Rodrigo Tavares Mendonça

Psicólogo e especialista em psicoterapia de família e casal


No dia 8 de março celebramos o Dia Internacional da Mulher, feriado oficializado pela
Organização das Nações Unidas (ONU) em 1975. É comum celebrarmos o dia das mulheres
exaltando características específicas delas, ou seja, o que as difere dos homens. Exalta-se,
assim, a mulher como o ser que cuida, que ama incondicionalmente, que tem uma
sensibilidade especial, que simboliza a beleza, que gera a vida, entre outras coisas. Contudo,
será que essas características são realmente específicas das mulheres? E será adequado
buscarmos definir as características específicas das mulheres?

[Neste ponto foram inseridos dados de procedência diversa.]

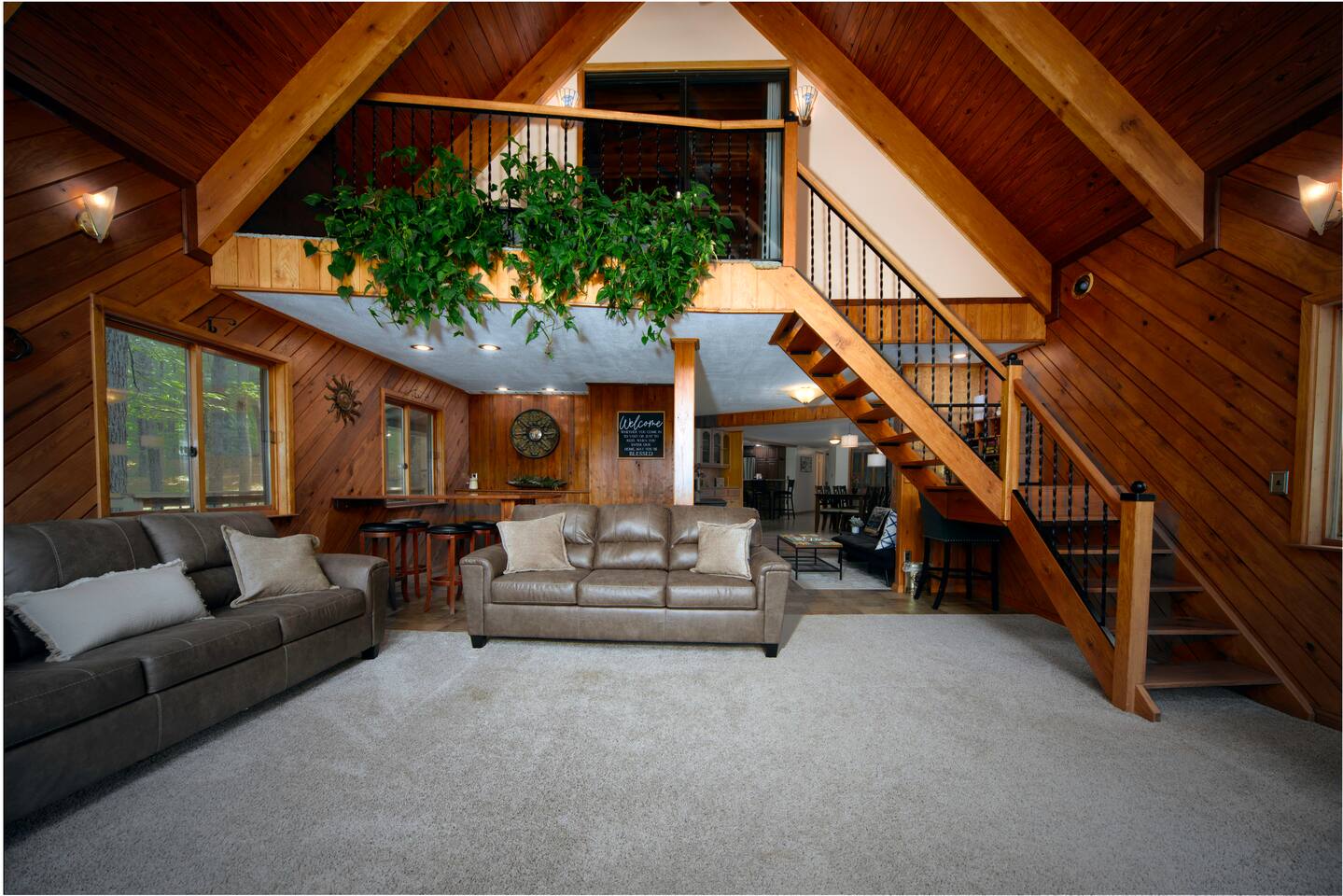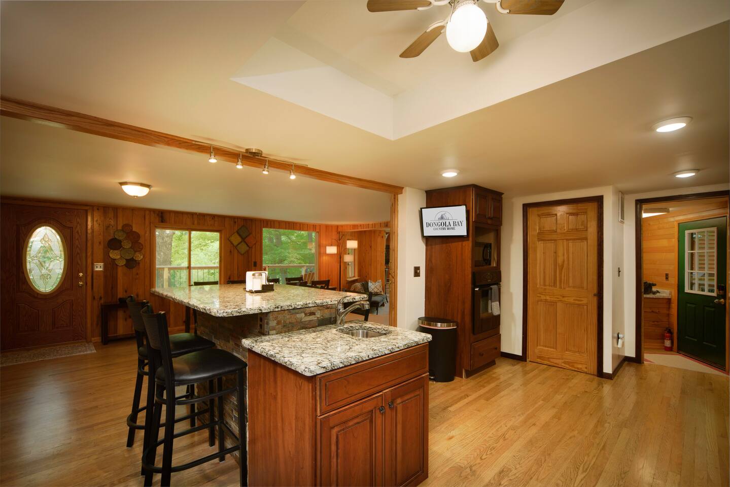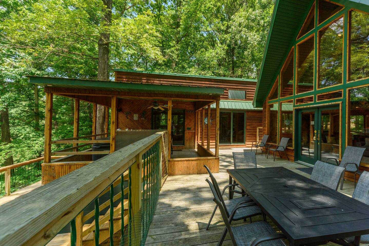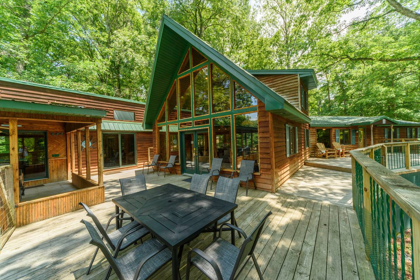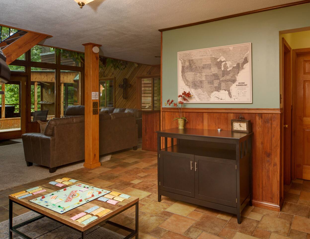 Explore Dongola Bay’s magic with us & Learn More Below! KEY FEATURES: ☀ 2,000 sq. ft. deck space for enjoying nature at its finest ☀ Great room with large TV, bar, and ample seating ☀️Large kitchen for gathering with your family around food and drinks ☀ Recreation room with pool table, foosball, large tv to watch your favorite sports game or your favorite movie and small bar. Great place for teenagers to have their own private space. ☀ Infant-friendly amenities: pack and play, highchair, and more ☀️2.5 acre pond for fishing, kayaking and beautiful views of nature. (there’s a good chance you’ll see deer on the pond dam) ☀️2 Kayaks to use on the pond ☀️ Beach area to play or relax ☀Disc Golf baskets to sharpen your skills ☀️Horseshoe Pit, can’t forget the classics ☀️Basketball court to challenge your family ☆☆ BEDROOMS ☆☆ Unwind in one of our four cozy bedrooms, providing comfortable sleeping arrangements for up to 10 guests. Additional sleeping options include a Sleeper Sofa, a Futon and 2 additional couches. Extra linens available in the closet. Bedroom 1: - Queen Bed - TV - Dresser Bedroom 2: - King and a Twin bed - TV - Closet Bedroom 3: - Queen and Twin bed - TV - Closet Bedroom 4 (upstairs master): - King-size Bed: - En Suite Private Jacuzzi Tub and shower: - Large Closet - Dedicated Vanity Area - TV - Views all around ☆☆ BATHROOMS ☆☆ Full Bath: - Located near in hall with bedrooms 1-3 - Dual sinks - Walk-in shower - Separate Jacuzzi tub Half Bath: - Convenient access from the living area and laundry room Upstairs Ensuite Bath: - Shower - Jacuzzi tub - Large closet Half Bath (Gameroom): - Located off the main house in the game room and convenient to the hot tub ☆☆ KITCHEN, DINING ☆☆ The fully equipped kitchen invites cooking adventures with a bartop island and a nearby TV for entertainment while you cook or hang out! With a gas stove, dishwasher, plenty of dishes, cups, pots, pans, and flatware, this kitchen ensures a seamless cooking and dining experience. The coffee bar offers regular strength coffee, non-dairy creamer, and sugar, providing the perfect start to your day! The dining area includes a large dining table for 8, perfect for family meals. ☆☆ LIVING ROOM ☆☆ Step into our cozy living room, the heart of our cabin retreat. Kick back on one of our 2 couches, our recliner or grab a seat at the laid-back bar area for some easygoing vibes. Large windows let in the natural beauty outside, creating a relaxed and tranquil setting. Need to catch up on work? We've got a small, no-fuss workspace for that. And of course, there's a TV for entertainment and an electric fireplace for that extra cabin warmth. This space is all about kicking off your shoes and making yourself at home. One of the couches is a Sleeper Sofa, which will accommodate 2 people. ☆☆ GAME ROOM ☆☆ Indulge in the ultimate hangout spot—our game room, just off the deck and steps from the hot tub. This cozy space provides a half bath, a nice bar area with a sink and mini-fridge, a dart board, a new TV, and a pool table. Easy access to the hot tub, bathroom, and bar area makes it the perfect hub for relaxation and entertainment! ☆☆ OUTSIDE SPACE ☆☆ Step outside where relaxation meets nature. Relax on the fenced deck, spanning 2,000 sq. ft., with beautiful views of the 2.5-acre pond. Near the pond you will find a firepit to gather around. This tranquil space is perfect for outdoor activities, family moments, and embracing the tranquility of Dongola. The covered hot tub area invites year-round indulgence, offering a secluded retreat to unwind and soak away your cares, surrounded by the beauty of Dongola Bay! ★☆ Book Dongola Bay Country Cabin Today & Let Us Take Care Of You! ☆★

Conta-se que a primeira proposta pública para a criação do dia da mulher aconteceu em
Copenhague, Dinamarca, em 1910, pela ativista alemã Clara Zetkin, no II Congresso
Internacional de Mulheres Socialistas. Essa proposta tinha o objetivo principal de defender os
direitos iguais entre homens e mulheres na esfera trabalhista. Entretanto, não foi
imediatamente aceita pela comunidade internacional, embora tenha se tornado uma referência
para a luta das mulheres. A proposta entrou no debate público durante as incontáveis greves
em vários países do mundo pela defesa dos direitos das mulheres, especialmente nas esferas
trabalhista e eleitoral.

No dia 8 de março de 1917, na Rússia, trabalhadoras do setor de tecelagem entraram em
greve e ainda estimularam os operários do setor de metalurgia a fazerem o mesmo. Foi um
marco para a luta das mulheres. Essa greve teve como referência o incêndio em uma indústria
têxtil que aconteceu no dia 25 de março de 1911, em Nova Iorque, Estados Unidos, que
matou 125 mulheres e 21 homens. O incêndio foi causado por negligência dos proprietários
com a manutenção das instalações elétricas da fábrica. Esse descuido, que revela uma
desvalorização dos trabalhadores e, especialmente, das trabalhadoras, serviu de motivação
para a luta das mulheres pelo mundo.

Após a Segunda Guerra Mundial, com a criação da ONU para organizar diplomaticamente os
diferentes interesses dos países e assim manter a paz mundial, foi estabelecido, tendo como
referência os dois acontecimentos de março citados anteriormente, o dia 8 de março como o
Dia Internacional da Mulher. Como se pode ver, a origem do dia das mulheres não tem nada a
ver com a celebração do que existe de específico nas mulheres, ou seja, não é uma celebração
das características de cuidado, amor, sensibilidade, beleza. O que existe na origem do dia das
mulheres é a luta por igualdade de direitos.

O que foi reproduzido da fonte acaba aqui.